Multichannel and Color Image Program Example

Multichannel images in Visionx are implemented by overloading the x-dimension of the image array structure. Multichannel images are identified by the x-range of the index being set to an exact multiple of the x-range in the bounding box.

A VisionX image may have any number of channels depending upon the application.

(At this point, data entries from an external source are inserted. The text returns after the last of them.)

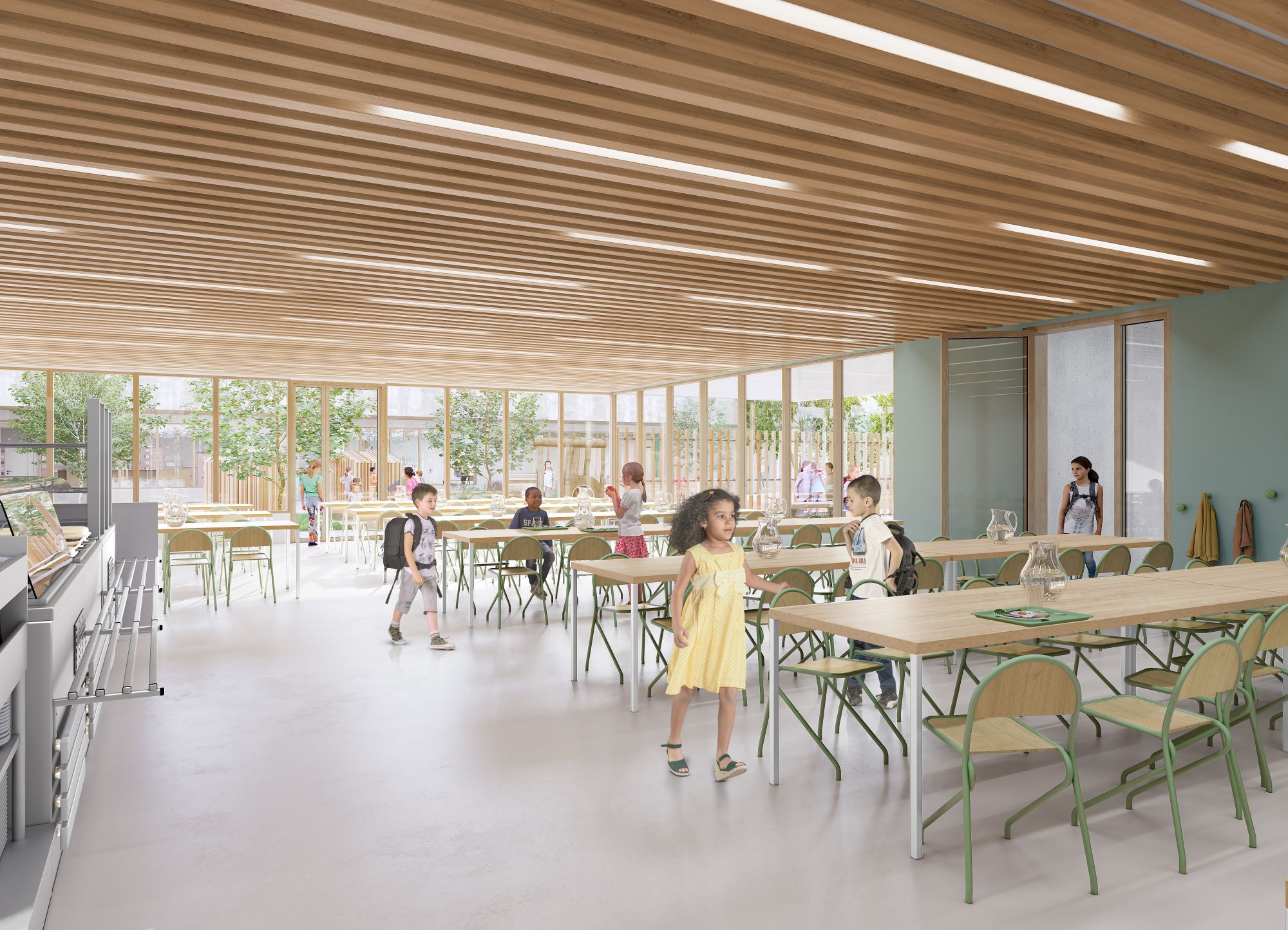 • L’autre destinée à la restauration et la production de repas en liaison directe avec l’aire de livraison mais également les cours de récréation.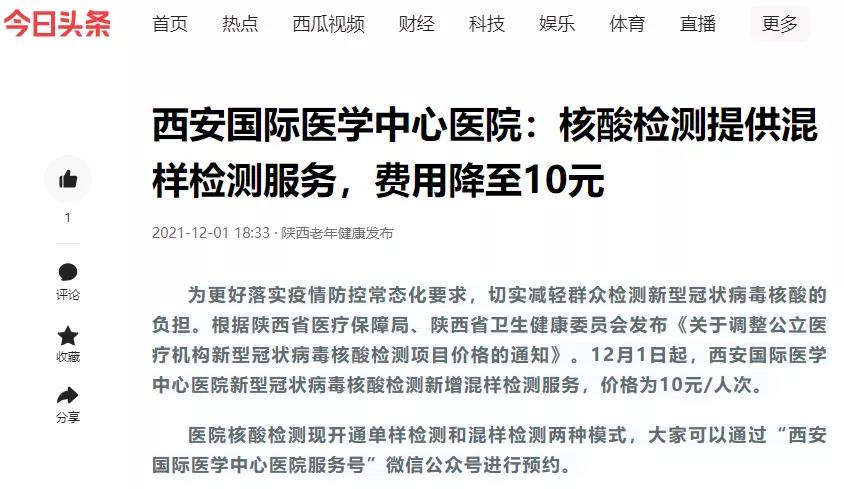 西安國際醫(yī)學(xué)中心醫(yī)院:核酸檢測提供混樣檢測服務(wù),費用降至10元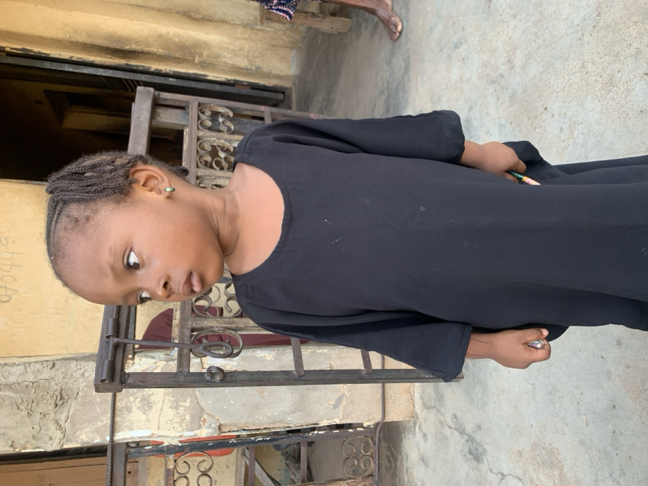 The image captures a young child standing outdoors in Okene, Nigeria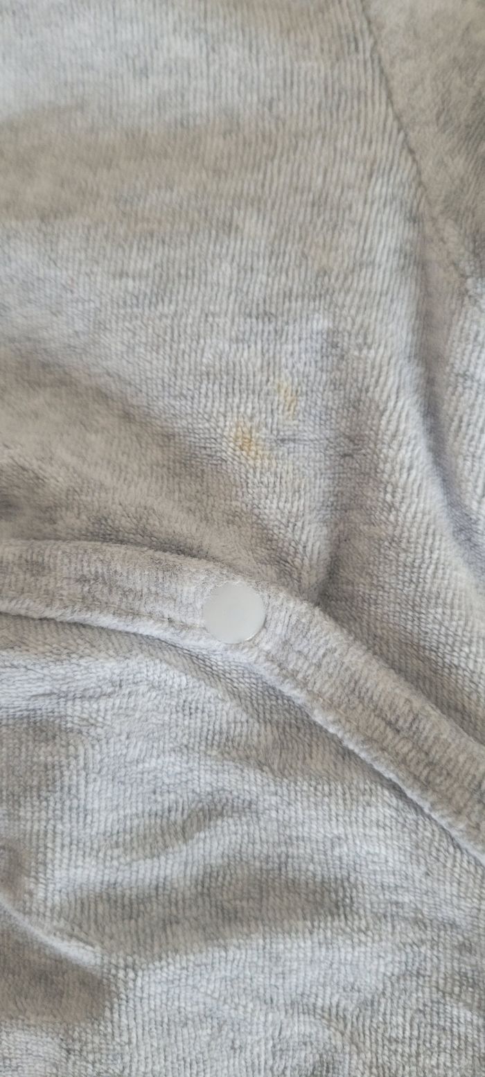 Lot de 4 pyjamas taille 9 mois en bon état général. Le 2 pièces à des pressions intérieures pour tenir les 2 parties du pyjamas ensemble. Voir dernière photo pour trace d'usure sur le dernier.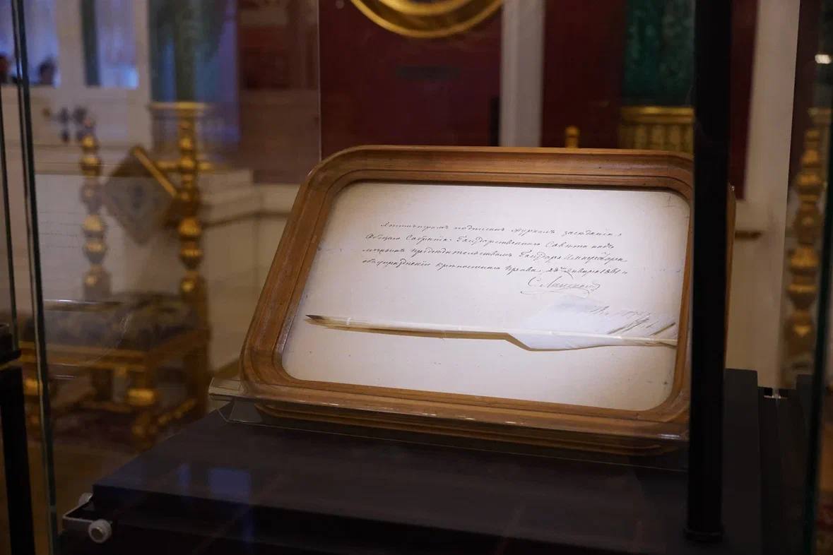 Среди них - гусиное перо, которым был подписан журнал заседания Общего собрания Государственного Совета об упразднении крепостного права.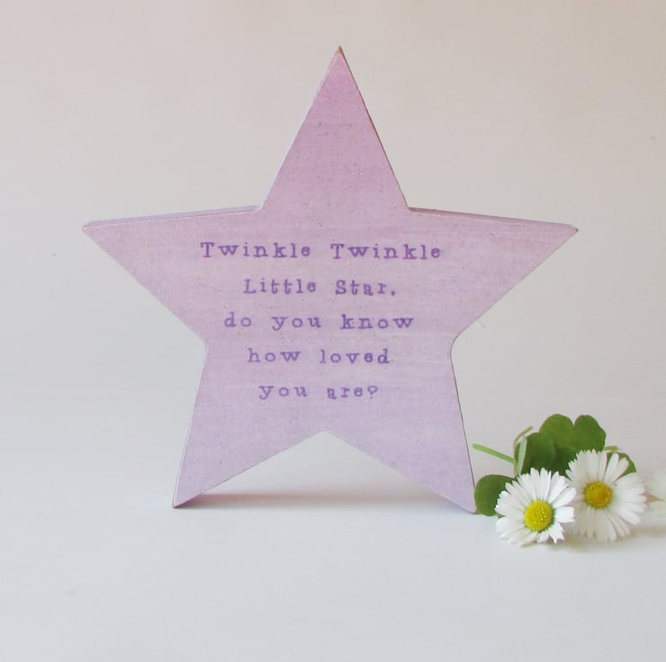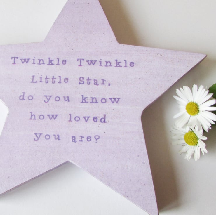 MDF with a Lilac decoupage front with the Twinkle Twinkle verse on it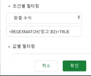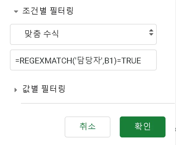 바로, REGEXMATCH 함수를 맞춤 수식에 적용해서 할 수 있습니다.
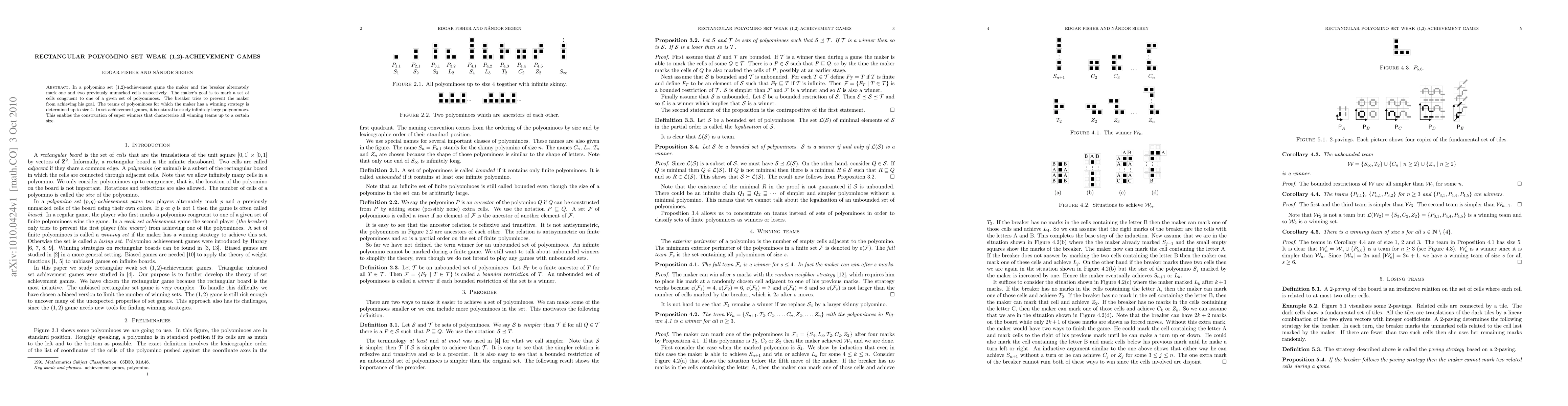 This paper investigates (1,2)-achievement games using rectangular polyomino sets, determining the winning strategies for teams up to size 4. It also explores the concept of super winners for infinitely large polyominoes to characterize all winning teams up to a certain size.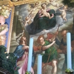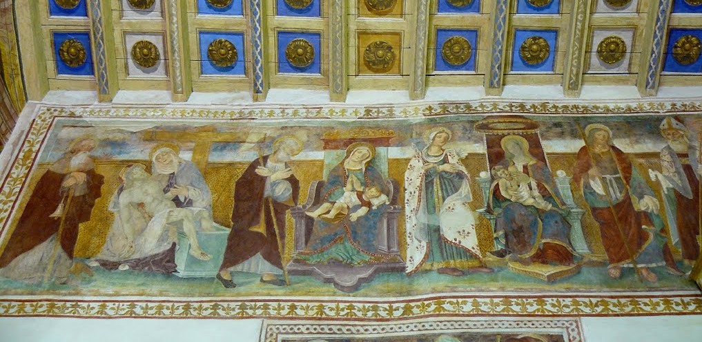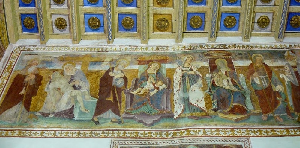 La parte alta della parete a nord della seconda campata è interamente riempita da un affresco raffigurante una trilogia di Madonne – due col Bambino e una Pietà – intervallate da figure di Santi. L’affresco è datato 25 ottobre 1522, l’autore è ignoto.

Typical examples are three for color images and two for complex numbers.

vcmean.c

/*********************************************************************/
/* vcmean  Compute channel mean                                      */
/*********************************************************************/

#include "VisXV4.h"    /* VisionX structure include file       */
#include "Vutil.h"     /* VisionX utility header files         */

VXparam_t par[] =      /* command line structure               */
{
{    "if=",    0, " input file  vthresh: threshold images"},
{    "of=",    0, " output file "},
{     0,       0,    0}
};
#define  INIMAGE   par[0].val
#define  OUTIMAGE  par[1].val

int main(int argc, char** argv)
{
Vfstruct (im);
Vfstruct (om);
int x, y, c;
int thresh;
int chan, sum;

VXparse(&argc, &argv, par);  /* parse the command line         */
 
while ( Vfread( &im, INIMAGE) ) {
    if ( im.type != VX_PBYTE ) {
           fprintf (stderr, "error: image not byte type\n");
           exit (1);
    }
    Vfnewim (&om, VX_PBYTE, im.bbx, 1);
    for ( y = om.ylo; y <= om.yhi; y++) {
       for ( x = om.xlo; x <= om.xhi; x++) {
          sum = 0;
          for ( c = 0; c < im.chan; c++) { 
               sum = sum + im.u[y][x * im.chan + c];
	     }
	     om.u[y][x] = sum / im.chan;
       }
    }
    Vfwrite( &im, OUTIMAGE);
  }
exit(0);
}

Notes.
  1. The program in example 5 will average the multi-channel values into a single channel image.
  2. The program is limited to images of type unsigned byte.
  3. The program loop limits are based on the output structure rather than the input structure
  4. All parameters are the same for a multichannel image except for chan which is set to the number of channels and xlo and xhi, which are multiplied by the number of channels.
For a 3-channel image, imm, with xlo = 0 we have that:
imm.u[0][0] corresponds to the first channel of the first pixel
imm.u[0][1] corresponds to the second channel of the first pixel.
imm.u[0][3] corresponds to the first channel of the second pixel.